La question migratoire reste incontournable. Les deux émissaires italiens n’ont pas omis de la mentionner lors de leurs entretiens avec le président de la République ainsi qu’avec leurs homologues respectifs. L’Italie n’ignore pas la pression qu’exerce sur la Tunisie, d’une part, une forte demande intérieure d’emplois et, d’autre part, des flux migratoires déferlant à partir de l’Afrique subsaharienne. La conjonction de ces deux facteurs a lourdement attisé une migration clandestine par voie maritime vers l’Italie. C’est ainsi que l’année 2022 a enregistré l’arrivée au sud de ce pays de pas moins de 32 000 migrants clandestins ayant embarqué à partir des rivages de la Tunisie. La part des Tunisiens parmi ces effectifs est de 18 000 personnes, alors que les subsahariens sont au nombre de 14 000. Ces statistiques montrent que la Tunisie n’est pas seulement un pays d’émission, mais aussi de transit, relève-t-on à Rome. Toute la question est de savoir comment réduire au maximum ces flux. Un contrôle plus ferme des départs suffirait-il ?
Un gisement d’emplois en Tunisie même
Rome ne cache pas son embarras. Dans une situation difficile pour tous, la capacité d’emploi et d’intégration de l’Italie est réduite. L’action à mener conjointement doit être alors énergique et sur plusieurs fronts. Il s’agit de renforcer la surveillance côtière, de faire avorter les opérations d’embarquement clandestines et aussi de soutenir la création d’emplois en Tunisie. «Parmi les 900 entreprises italiennes implantées en Tunisie, un grand nombre d’entre elles rencontrent des difficultés à recruter les qualifications professionnelles dont elles ont besoin. C’est un véritable gisement d’emplois, souligne notre source. Des contrats formation-emploi sont envisagés. De nouvelles entreprises comptent s’installer. Un grand forum d’affaires sera organisé cette année dans un format innovant, fondé sur l’efficacité et des résultats concrets. Bref, toute une panoplie d’initiatives.»
Elmed, un projet historique
Au cœur des nouvelles perspectives, le projet phare d’interconnexion électrique méditerranéenne (Elmed).

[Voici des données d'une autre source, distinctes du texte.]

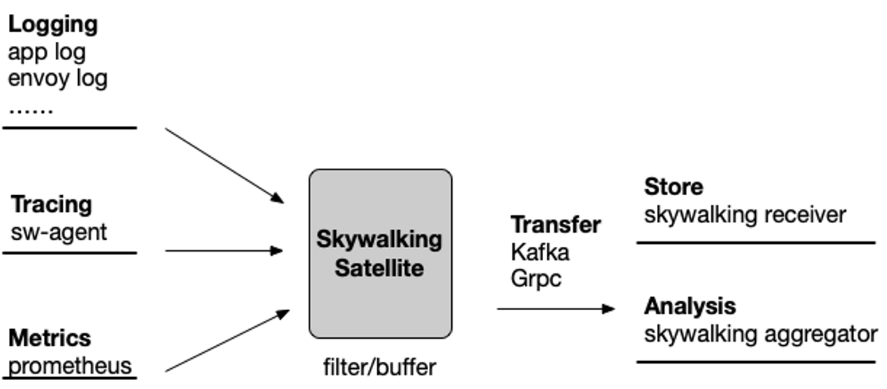 Satellite is a 2 level system to collect observability data from other core systems. So, the core element of the design is to guarantee data stability during Pod startup all the way to Pod shutdown avoiding alarm loss. All modules are designed as plugins, and if you have other ideas, you can add them yourself.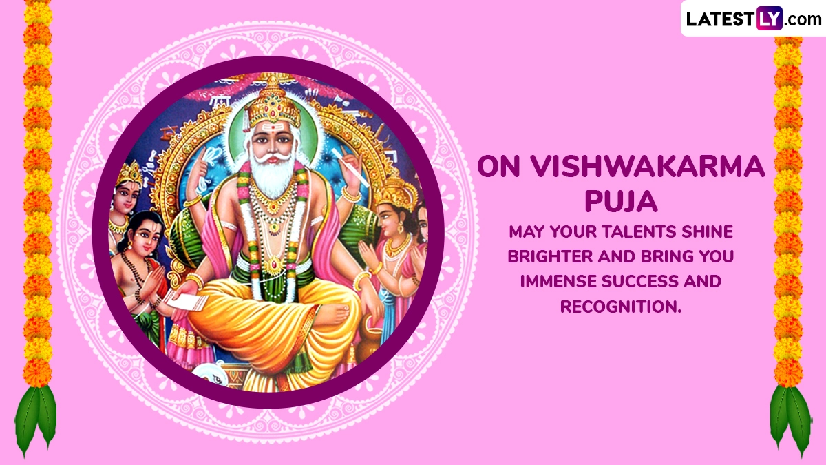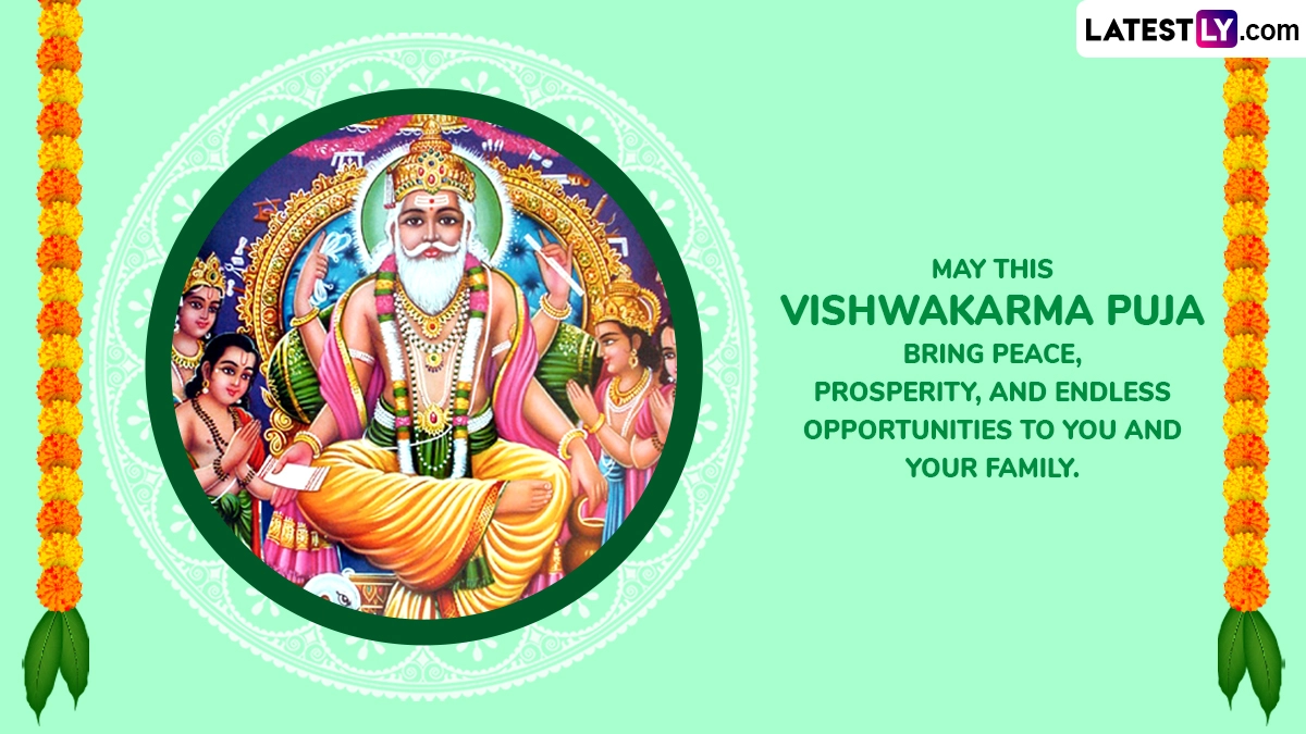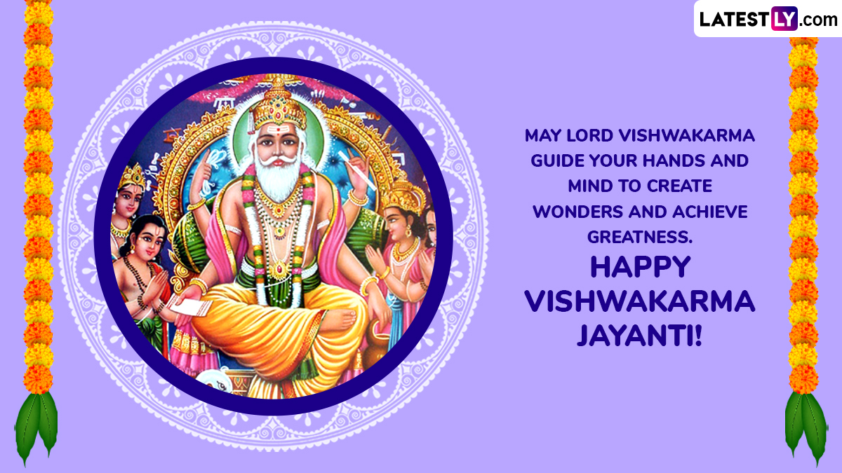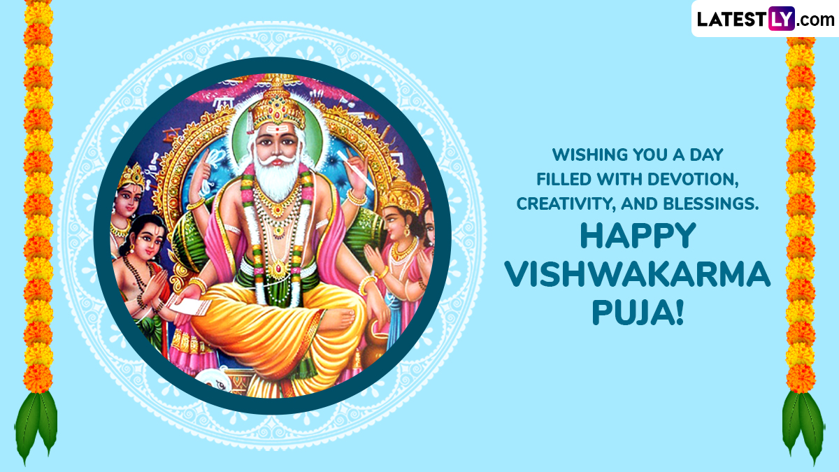 Vishwakarma Puja, also known as Vishwakarma Jayanti or Bishwakarma Puja, is a day dedicated to Lord Vishwakarma, the divine architect and craftsman of the universe. According to Hindu mythology, Lord Vishwakarma is regarded as the celestial engineer who designed the holy cities of Dwarka and Hastinapur, constructed the palaces of the gods, and crafted the powerful weapons used in mythological wars. Vishwakarma Puja 2025 falls on September 17. To celebrate the festival, we bring you Vishwakarma Puja 2025 greetings, WhatsApp wishes, Lord Bishwakarma HD images, Vishwakarma Jayanti messages, quotes and wallpapers that you can share with your friends and family on the auspicious day.

Reliant les réseaux entre les deux rives, par un câble sous-marin à haute tension sur 200 km, il sera stratégique et fort important. La Commission européenne lui a accordé un don de 307,6 millions d’euros auxquels s’ajouteront 270 millions d’euros à fournir par le groupe italien Terna et son partenaire tunisien, la Steg, ainsi que leurs bailleurs de fonds. Les travaux devraient être achevés d’ici à 2028. «C’est un tournant historique, souligne notre source romaine. Il s’agit d’une liaison hautement stratégique qui relie au-delà des deux pays, la Tunisie et l’Italie, deux continents, l’Afrique et l’Europe, portant sur l’énergie électrique et ouvrant de très larges perspectives. D’ores et déjà, la Tunisie peut en tirer un grand bénéfice, à la faveur des différentes phases de sa réalisation».
Les deux ministres italiens dépêchés à Tunis n’ont pas manqué de réitérer à cette occasion le soutien de l’Italie à la Tunisie, que ce soit dans ses démarches auprès du FMI et ses programmes avec l’Union européenne qu’au niveau de la coopération bilatérale. Une attention additionnelle sera portée à la coopération universitaire avec l’octroi d’un plus grand nombre de bourses d’études en Italie, ainsi que l’accès à un enseignement à distance. D’ailleurs, le nombre de visas étudiants s’est élevé à 1 385 au cours de l’année dernière, enregistrant une augmentation de 77% par rapport à 2021.
Sans doute, Rome sera-t-elle attentive aux efforts de la Tunisie pour endiguer les flux de départs clandestins, note un observateur. De meilleurs résultats obtenus l’encourageront à renforcer son soutien. Les temps sont difficiles pour tous. De part et d’autre, il va falloir développer une relation historique et d’avenir.